A Comprehensive Investigation of Particle Gradation Effects on Limiting Void Ratios and Pore Structures of Granular Soils

ABSTRACT The limiting void ratios (i.e., maximum and minimum void ratios, e max and e min ) and pore structures of granular soils critically influence their compactness, permeability, and deformation behavior. However, the effects of particle gradation on both macroscopic limiting void ratios and microscopic pore structures remain inadequately quantified. In this study, DEM simulations of the loosest and densest packings of ideal spheres are conducted to isolate gradation effects from particle shape.
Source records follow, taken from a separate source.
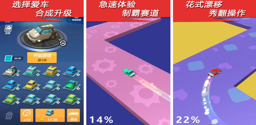 融合经营模拟与竞速对抗玩法,核心机制为赛车合成升级——通过组合不同部件生成更高阶载具,性能提升直观可见。漂移动作库包含多种进阶技巧,如双甩、钟摆、连续侧滑等,触发条件明确,反馈清晰,兼具观赏性与操作成就感。经济系统平衡,成长路径清晰,长期游玩动力充足。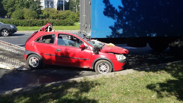 Водитель автомобиля Opel погиб, въехав в фуру на проспекте Ветеранов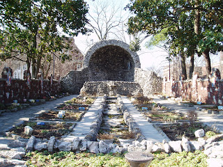 This is a replica of the shrine in Lourdes, France. When it was built, it stood near a hospital. Now it stands between university apartments, and a gym used by UofL. I can just imagine college students hanging out in the grotto drinking bottles of Smirnoff and cans of Bud Light.

The combined influences of the coefficient of uniformity ( C u ) and coefficient of curvature ( C c ) on limiting void ratios are systematically investigated, and predictive models are developed to accurately capture these effects, with both interpolation accuracy and extrapolation capability validated. Additionally, particle gradation effects on three‐dimensional pore structures are analyzed, revealing that pore size distributions are well described by the Weibull distribution. Predictive models linking Weibull parameters to gradation parameters are also proposed, demonstrating high accuracy across a wide range of gradations. These findings provide quantitative tools for predicting both macroscopic limiting void ratios and pore‐scale properties from particle gradation, offering valuable insights for geotechnical design and optimization.